Jesus told us to pray, believing that we had already received the thing we are praying for… and it would happen. Really?
He said that if we asked for anything “in His name”, He would grant it. Is that true?
He talked about telling a mountain to be picked up and thrown into the sea and that if we believed it would happen. I have never been around a person that prayed a prayer like that and then witnessed mountains flying through the air.
I am not suggesting that Jesus is wrong, or that He was merely teasing us, or that His words have been corrupted over the years, But it’s obvious that praying in the “name of Jesus” is the key to understanding the power and efficacy of prayer. Praying in His name, is praying like He prayed and with the mindset that He had. That explains why we do not see mountains floating in the sky or some of my prayers being answered! So often my prayers resemble Christmas list of presents I want or occurrences I am hoping will happen so that my life will be easy.

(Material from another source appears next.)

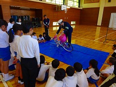 ↑ 交通安全自転車教室を実施しました。今年度は、自転車の点検の仕方や、正しい乗り方をDVDを見たり、実際の自転車を見たりして学びました。体に合ったサドルの高さ、ヘルメット着用の義務、防犯登録の必要性などを学びました。くれぐれも飛び出しはしないでください。交通ルールを守って安全に乗りましょう。

To have “His mind” when I am praying means that I am not praying for selfish blessings or for things that might dilute/compromise my witness, hinder the work of His Kingdom on earth, or make me into a spiritual midget. He prayed for things that glorified His Father or that brought blessings to others. Rarely were His prayers ever about Him or His needs.
And so early this morning today I thought about the things that were sapping my strength and focus. I thought about how I have prayed in the past, and this time I determined to change my mind set from my personal, biased perspective, and to instead pray as if I were Jesus—-that is, to pray believing that God heard me, and praying with a goal that was rid of selfish ambition.

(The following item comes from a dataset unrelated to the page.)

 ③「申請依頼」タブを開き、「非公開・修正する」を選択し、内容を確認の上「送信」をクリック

It felt good to pray like that! It was as if I had reached a new understanding of prayer and had entered into a level of prayer I had not been experiencing, and I noticed that I was able to pray with more resolve and faith that my prayer was pleasing to God the Father. Something was released within me when I gave up any pretentiousness in my prayer and I honestly could see that I was now not praying for a hidden agenda, but “in Him”. I began to understand the purpose of prayer for His perspective, not my own.